** Opening DATA block **
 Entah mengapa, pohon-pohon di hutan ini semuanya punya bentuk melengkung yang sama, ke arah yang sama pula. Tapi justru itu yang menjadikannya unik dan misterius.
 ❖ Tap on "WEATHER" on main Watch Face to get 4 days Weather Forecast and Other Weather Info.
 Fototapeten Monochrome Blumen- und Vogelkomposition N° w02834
** Closing DATA block **
** Opening DATA block **
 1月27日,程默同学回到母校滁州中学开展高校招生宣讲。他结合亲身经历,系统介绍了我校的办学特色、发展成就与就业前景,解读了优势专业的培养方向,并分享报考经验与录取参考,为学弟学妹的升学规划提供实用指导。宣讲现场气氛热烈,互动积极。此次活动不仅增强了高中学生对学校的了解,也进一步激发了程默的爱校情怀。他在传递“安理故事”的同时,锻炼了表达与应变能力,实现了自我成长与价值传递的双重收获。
** Closing DATA block **
** Opening DATA block **
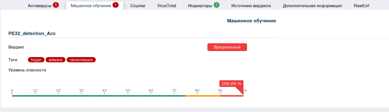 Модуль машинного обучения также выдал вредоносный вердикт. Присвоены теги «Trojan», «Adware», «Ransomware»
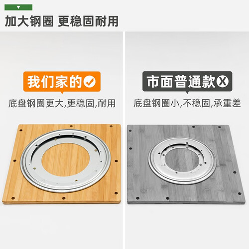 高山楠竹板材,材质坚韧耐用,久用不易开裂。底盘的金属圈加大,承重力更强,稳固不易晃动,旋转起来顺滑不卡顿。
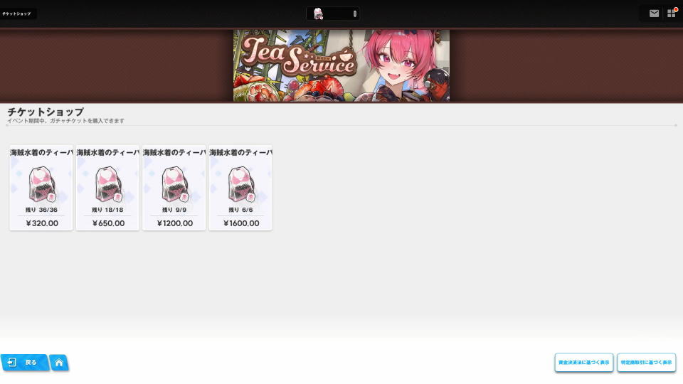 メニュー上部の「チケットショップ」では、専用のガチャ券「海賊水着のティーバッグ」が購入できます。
** Closing DATA block **
» DIRECTIONS FOR THIS TASK
Would you restate, exactly and with no pictures, the lines of the entries above from the one containing "高山楠竹板材,材质坚韧耐用,久用不易开裂" through the one containing "メニュー上部の「チケットショ"?

» EXERCISE ANSWER
 高山楠竹板材,材质坚韧耐用,久用不易开裂。底盘的金属圈加大,承重力更强,稳固不易晃动,旋转起来顺滑不卡顿。
 メニュー上部の「チケットショップ」では、専用のガチャ券「海賊水着のティーバッグ」が購入できます。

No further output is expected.